All data were tabulated by the group of season (east, intermediate and west). Multivariate Discriminant Analysis (DA) was used to define the pattern of heavy metals at each temporal season. BWAF (Bio-Water Accumulation Factor) was calculated as a ratio between heavy metals concentration in molluscs to water, while BSWF (Bio-Sediment Accumulation Factor) was calculated to concentration in sediment. Linear stepwise regression analysis has been applied to define the correlation of heavy metals contamination in environment and mollusc. All statistical analyses were conducted with Past Statistical Software v3.08 [25].
The order of accumulation in water layer was found as Cr > Pb > As > Co > Cd > Hg. Meanwhile, different order was found on heavy metals accumulation in sediment (Hg > Cr > Pb > Cd > As > Co) and the soft tissue of molluscs (Cd > As > Hg > Pb > Cr > Co). A significant difference (P < 0.05) of accumulation in different season was detected in almost all metals species in water, sediment and molluscs, except for Hg in mollusc, as well as between Hg and Cd in water (Figure 2). Strong discriminant functions (78.15–94.70%) that consist of almost all variables may indicate all of the heavy metals were accumulated higher on east monsoon season, particularly in sediment and mollusc (Figure 3). Small overlayed area of 95% confidence ellips between accumulation of heavy metals in water in different seasons might be caused by the insignificant concentration of Hg and Cd.

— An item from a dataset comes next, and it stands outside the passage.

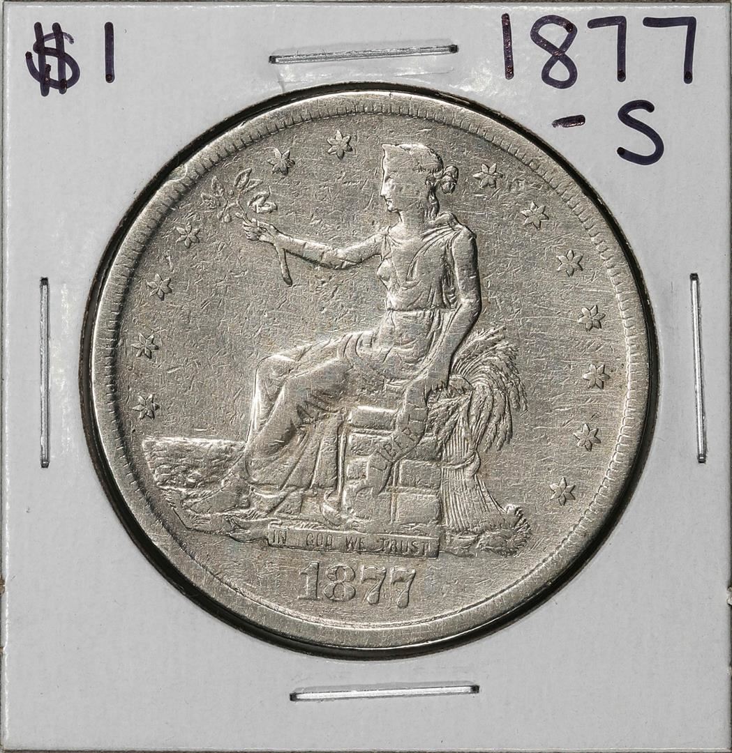 One 1877-S $1 Trade Silver Dollar Coin.

Calculation of bioaccumulation factor showed a significant different between BWAF and BSWF (Figure 4). Accumulation factor of heavy metals to water was detected significantly (P < 0.05) higher than that to sediment. However, acumulation of heavy metals in water and sediment was not detected as the only factor that determined the amount of heavy metals in the soft tissue of A. granosa. Linear stepwise regression models revealed only two heavy metals (Cr and Pb) that had a significant (P < 0.05) and moderate (R2 adjusted > 0.5) determination stepwise regression model (Table 1). Both elements (Cr and Pb) were also constructed differently. Cr in A. granosa was found directly related to the amount in sediment, while Pb to the amount in water.

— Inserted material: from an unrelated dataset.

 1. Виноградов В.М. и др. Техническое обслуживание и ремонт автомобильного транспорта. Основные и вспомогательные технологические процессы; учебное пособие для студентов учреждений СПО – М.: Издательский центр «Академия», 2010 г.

| Heavy metal | Stepwise regression Model | R2 Adjusted | Significance |
| Cr | Cr in molluscs = 0.041 + 0.008 Cr in Sediment | 0.607 | P < 0.05 |
| Co | Co in molluscs = 0.036 + 0.001 Co in Sediment | 0.118 | P < 0.05 |
| Cd | - | - | P > 0.05 |
| As | As in molluscs = 0.153 + 0.716 As in Water | 0.363 | P < 0.05 |
| Hg | - | - | P > 0.05 |
| Pb | Pb in molluscs = 0.018 + 0.216 Pb in Water | 0.687 | P < 0.05 |
DownLoad:
CSV
Tanjung Balai estuary is the section that relates Asahan River to the sea, one of the main principal rivers in North Sumatra Province that flows from Toba Lake in the center of the province. The river is surrounded by small rivers and canals throughout several cities flow into the coast, which potentially carries effluents from industral and household regions. The high amount of Cr and Pb in the water can be attributed to the boat traffic [26]. Similar results were also found in Jiaozhou Bay-China and Trabzon Harbour-Turkey, the high amount of Cr and Pb was suggested to relate with harbor and vessel activities in the coastal region [22,27]. Leaded petroleum is commonly used in Indonesia, as fuel for local vessels. Meanwhile, the characteristics of physiochemical in sediment may affect the level of heavy metals absorption. For example, high nutrient level enhances the adsorption of Pb and Cu in sediment, while low oxygen level decreases the potential bioavailability of both heavy metals [28]. All of the complex interaction factors may serve as the reason of the different pattern of heavy metals accumulation in sediment compared to that in the water.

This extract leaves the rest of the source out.